Also, you risk financial dislocation if you were to rely only on the Old Age Security (OAS) and Canada Pension Plan (CPP) pensions. Current retirees are discovering this hard truth. If you’re approaching the retirement zone, do a self-assessment. Following is a simple three-step checklist to determine your readiness.

Low or zero debt

Would-be retirees should be prioritizing debt repayments, particularly an outstanding mortgage. Ideally, you should be entering the retirement phase debt-free or at least with minimal debt. Many retirees are prisoners of debt that they use retirement savings and pensions to retire debts. Likewise, avoid obtaining new loans that will add to your burden. 

Good to downsize

Downsizing is inevitable if you want to preserve or stretch your nest egg. Moving to a smaller home with lower maintenance costs is a practical move.
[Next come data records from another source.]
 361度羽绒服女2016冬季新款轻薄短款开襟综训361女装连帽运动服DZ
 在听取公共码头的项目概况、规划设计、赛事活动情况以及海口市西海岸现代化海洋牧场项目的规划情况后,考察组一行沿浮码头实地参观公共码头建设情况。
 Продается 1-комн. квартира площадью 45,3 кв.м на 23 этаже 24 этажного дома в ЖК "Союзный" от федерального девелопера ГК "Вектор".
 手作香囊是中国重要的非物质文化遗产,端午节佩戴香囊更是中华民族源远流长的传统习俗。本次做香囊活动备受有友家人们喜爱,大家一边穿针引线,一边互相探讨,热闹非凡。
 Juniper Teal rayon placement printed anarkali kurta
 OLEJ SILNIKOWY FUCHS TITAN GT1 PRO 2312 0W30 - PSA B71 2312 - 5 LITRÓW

Besides, you’ll need to set aside more for healthcare costs, which will eat up a chunk of your monthly budget as you age.

With investment income

As mentioned above, you can’t live comfortably in retirement with just the OAS and CPP. Investment vehicles like the Tax-Free Savings Account (TFSA) and the Registered Retirement Savings Plan (RRSP) are available to help you build retirement wealth. You can purchase “buy-and-hold” stocks to keep in either account.

Retirees need a third pillar to fill the inadequacies of pension payments. Investment income would lower your retirement risk and boost your spending power. The Canadian Imperial Bank of Commerce (TSX:CM)(NYSE:CM) provides a low-risk income stream.
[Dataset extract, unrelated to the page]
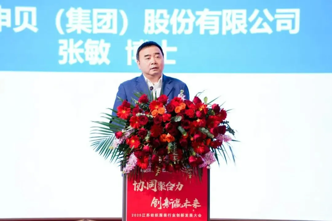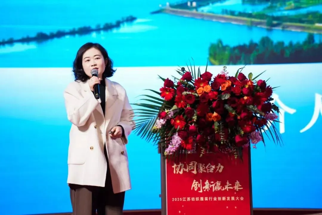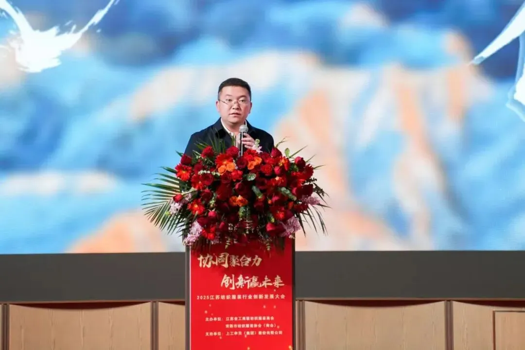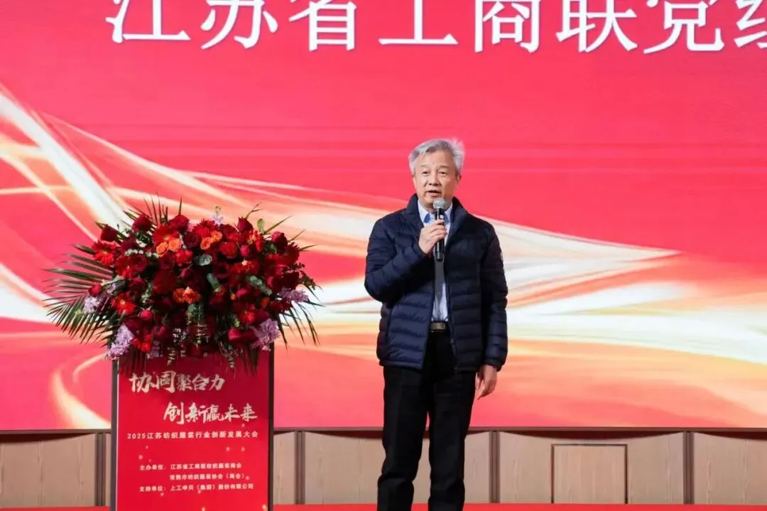 1 月 18 日,由江苏省工商联纺织服装商会、常熟市纺织服装协会(商会)共同主办,上工申贝(集团)股份有限公司支持的2025江苏纺织服装行业创新发展大会在常熟昆承湖凯悦酒店隆重举行。本次大会以“协同聚合力 创新赢未来” 为主题,汇聚了行业领导、专家学者、知名企业家等各界代表,共话产业转型新路径,共谋高质量发展新篇章。江苏省工商联党组成员、副主席吴卫东,全国工商联纺织服装商会理事长高德康,苏州市委统战部副部长、工商联党组书记王蓓蕾,常熟市工信局党组书记、局长钱韧,江苏省工商联纺织服装商会会长、常熟市纺织服装协会(商会)会长、波司登股份有限公司董事长高晓东,全联纺织服装业商会秘书长朱钧,商会副会长、苏州市服装商会会长、江苏特别特服装有限公司董事长陈斌,上工申贝集团董事长兼总裁张敏,共青城高新区管委会副主任卢凌,新疆温宿县产业园区主任申华,江苏省纺织产品质量监督检验研究院院长张彤,常州纺织服装职业技术学院服装学院院长袁红萍,上海市合成纤维研究所原所长、天祥集团(Intertek)顾问王建平,安徽宿州学院服装版型研发中心主任朱海鸥,第三届职业技能大赛服装制版项目裁判员、江苏乡土人才、江苏技术能手邢汉芝等领导嘉宾出席大会。纺织服装行业重点品牌企业上工申贝集团董事长兼总裁张敏,商会副会长、华瑞时尚集团有限公司董事长孙家军,江苏苏美达轻纺国际贸易有限公司副总经理杨志勇、雅鹿集团股份有限公司副总裁刘云,苏豪时尚集团党委委员刘佳琦、商会副会长、江苏金岛服饰集团有限公司董事长林文,商会副会长江苏三周服装有限公司董事长邵海建,希音(SHEIN)产业带负责人邵晨,元鹏新产业跨境电商运营负责人李昊旻,上工申贝集团常务副总裁、工业机事业部总经理李晓峰等品牌企业相关负责人也出席了会议,同时出席会议的还有江苏省工商联纺织服装商会副会长李超、葛沈庄、丁健、孙茂军、范松、黄火忠、周宏亮,副会长兼秘书长陆梅、监事王有明、副会长单位代表及江苏省体育装备协会副会长仝大伟、南京服装行业协会秘书长钟乐民、苏州市户外运动服装产业联合会秘书长施人蛟、无锡市纺织工业协会副秘书长刘巍等纺织服装兄弟商协会负责人和江苏省工商联纺织服装商会、常熟市纺织服装协(商)会会员企业近300人参加大会。

The bank stock boasts of a 152-year dividend track record. If it pays a dividend yield of 5.9% and you own $200,000 worth of shares, your monthly passive income is $983.33. In 20 years, your investment will grow to $584,658.75. With the dividend earnings, you can accumulate more shares of CIBC to keep growing your nest egg.

Some investors are skeptical of retail banks with large mortgage portfolios. While CIBC is one of them, the fifth-largest bank in Canada has a substantial credit loss provision in case of a housing crash. The bank sacrificed 70% of net income in Q2 2020 and set aside $1.41 billion should its mortgage portfolio turn sour.

CIBC is experiencing high usage of its digital banking by Canadian seniors (age 65 and older). Sign-ups in April increased by 250% and continue to climb. According to Laura Dottori-Attanasio, CIBC’s Group Head of Personal and Business Banking, seniors can stay at home and utilize this channel to pay bills, fund transfers, and other routine bank transactions.

Green light

Nothing will prevent you from retiring if you’re debt-free, have no qualms about downsizing, and invest in a blue-chip asset like CIBC that provides an unrestrained income stream. Your OAS and CPP are just icing on the retirement cake.